Cassandra (1987)
6/10
When covering your eyes just doesn't work.
11 January 2007
Cassandra is a young woman who lives with her wealthy photographer father and fashion designer mother. She finds out accidentally about her father's affair with a fashion model, but this is a minor problem that's facing her. She is now having unsettling nightmare visions. These visions are somewhat connected to her past and strangely the present. Her parents seem terribly uncomfortable about her obsession of what she is seeing and her discovery about their family's secret.

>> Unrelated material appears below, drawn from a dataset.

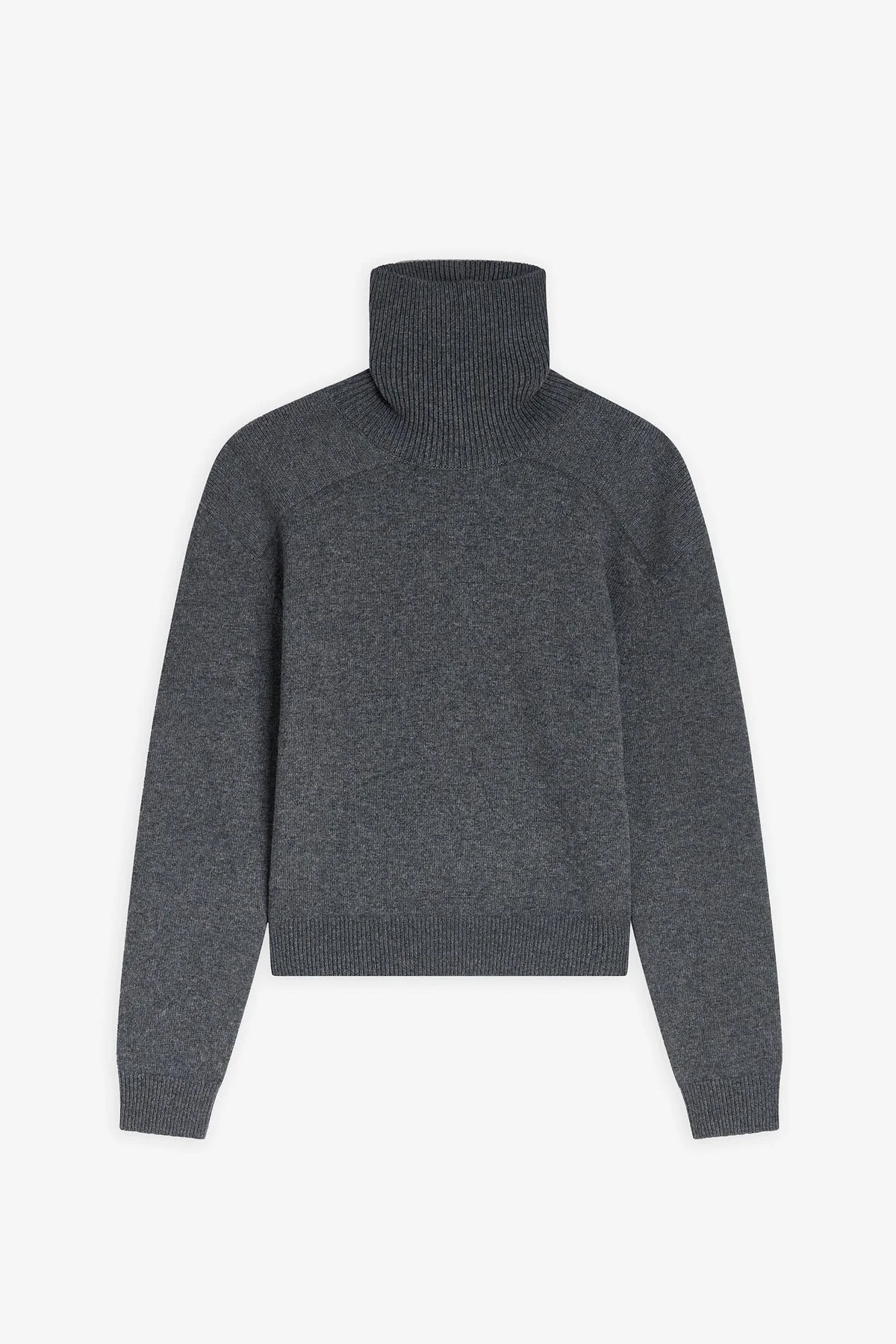 Grey wool and cashmere jumper from Phoebe Philo. The Patch shoulder jumper is made in a grey melange wool cashmere blend with a high slouched neck. It has reinforced patches at the shoulders that gently amplify the silhouette, complete with ribbed neck, cuffs, and hem. - Material: 67% Wool, 28% Cashmere, 5% Polyester - Made in Italy Product Code: CK127-YW4520-920GM

Pure visionary is brought to the screen in director Colin (Long Weekend) Eggleston's very moody and seriously spooky minor budget Australian thriller "Cassandra". I hadn't seen it in ages, but its still visually arresting and stylishly done with its ominous punch and novel techniques. There's patient handling all round and that creeps up in its torpid pacing, which unquestionably has some flagging spots. But this subtleness makes way for some forebodingly suspenseful set pieces that provide quick and concise jolts with grisly intension, but without the real need of showing us. For some that factor might be a huge downer, but how they fuse the violence with the disquieting material and chilling atmosphere payed dividends in the set-up. This was helped a lot by Ian Mason's unworldly hum-dinger of a music score that was effectively placed to achieve unbearable tension with cunning unease. Gary Wapshott's kinetic photography gracefully glides and professionally frames some beautifully striking locations. There was a true addiction to POV shots here, though they were neatly staged. The complicatedly progressive (but unoriginal) story by Colin Eggleston, Christopher Flitchett and John Ruane works upon the little things by trying to surprise the viewer with outlandish twists and wayward developments. It's flawed, as it does chop and change a bit and lose sight of its intriguing mystery to fall in the final third. With common slasher traits (red herrings get a real work out) and a predictable revelation that limps into a sudden climax that's plain dumbfounding. A slasher film at heart it is, but it's trying to be much more and it does come off (well sort of) in parts. Most of the performances are nicely judged and credible. Debut actress Tessa Humphries works the role of Cassandra terrifically and invokes a compelling turn. Shane Briant and Briony Behets are substantially good in their parts as the parents.

Substance might be little, but this effort is a surprisingly decent exercise and has some imagination in its editing and visuals flashes to share. Well worth the look.